Amanhã no meu relatório iniciarei a Rota do Anel D'Ouro. Nesta viagem tive um grande desgosto apaguei quase no fim da mesma as fotos, não sei como o fiz (fartei-me de chorar) felizmente os amigos das viagens vão-me dar a reportagem completa, por isso só tenho fotos de três dias em S. Petersburgo, mas era pior se tivese partido uma perna. Quando chegarmos à parte de S. Petersburgo eu mostro a minha carinha já muito cansada.
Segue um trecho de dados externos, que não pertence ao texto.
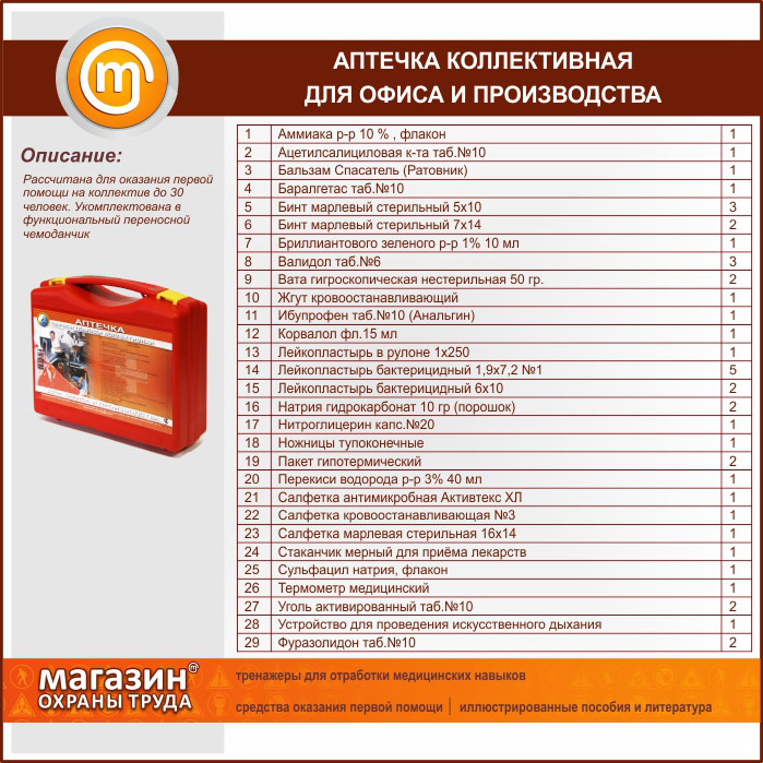 Аптечка КОЛЛЕКТИВНАЯ для офиса и производства (до 30 человек) - пластиковый чемодан в Бердске купить

terça-feira, 4 de agosto de 2009

A viagem começou por Moscovo (parte I)


A viagem começou por Moscovo e nunca pensei que esta cidade tivesse um ar antigo, diferente do que nós encontramos. Durante o caminho do aeroporto para a cidade vimos os milhares de prédios pré-fabricados mandados construir por Staline e que apresentam um aspecto envelhecido, mas quando chegamos a Moscovo o trânsito é infernal, circulam na cidade quatro milhões de carros todos os dias e só as enormes manchas verdes que existem (parques, jardins, arranjos florais, árvores nas ruas etc.) colmatam a poluição que este excesso de carros provoca. Esta capital da cultura no reinado de Ivan o Terrível (e era mesmo terrível), mudou para S. Petersburgo no século XVIII com Pedro o Grande, mas após a revolução de 1917 os novos donos do poder instauraram novamente a capital em Moscovo.
A Praça Vermelha é o centro de Moscovo e é linda, com o Mausoléu de Lenine, a Catedral de S. Basílio que é de uma beleza excepcional (aliás as igrejas ortodoxas impressionaram-me muito e positivamente, o ambiente de paz e espiritualidade que elas encerram convidam à oração). A rua Arbat, rua de comércio é uma zona pedonal cheia de matrioskas.«Uma matrioshka, matriochka ou matrioska (em russo матрёшка ou матрешка, Matryoshka) ou boneca russa é um brinquedo tradicional da Rússia, constituída por uma série de bonecas, feitas de diversos materiais, ainda que o mais frequente seja a madeira, que são colocadas umas dentro das outras, da maior (exterior) até a menor (a única que não é oca). A palavra provém do diminutivo do nome próprio Matryona.»
Todas as cidades russas importantes têm o seu Kremlin constituido por uma muralha onde dentro existem palácios e os zimbórios das catedrais, é como nós temos os nossos castelos, com as suas muralhas para protegerem as populações.
O metro de Moscovo é impressionante, Staline queria que o povo todos os dias quando fosse para o trabalho atravessasse um ambiente de palácio, e o metro é isso, ornamentado com colunas coríntias estilizadas, candelabros, esculturas, baixos relevos, é demais. É pena é que os desejos dos homens e a sua obra seja por vezes tão incoerente com a sua prática, como foi o caso de Staline que assassinou milhões.
Por hoje termino o meu relato, isto vai levar muitos dias. Amanhã começo com a nossa visita a Kolomenskoie.

segunda-feira, 3 de agosto de 2009

Cheguei, arrasada mas cheguei. A viagem que realizei foi emocionante, foi talvez das viagens mais importantes da minha vida.


Estas viagens devem ser feitas assim como nós fizemos de modo a que seja acrescentada à nossa vida uma compreensão mais profunda do mundo em que vivemos. Nesta viagem eu fiquei a compreender de forma definitiva um parte significativa da história do século XX. Tenho tanto e tanto para contar que tem de ser por capítulos. Como apanhei uma constipação grande devido ao ar condicionado (não foi virus nenhum, descansem) e amanhã faço um exame de rotina, tenho de descansar, mas estarei pela tarde a relatar a minha aventura na Rússia.
Deixo-vos uma imagem do túmulo do camarada Lenine na Praça Vermelha que eu julgava ser maior do que é, para aguçar o apetite.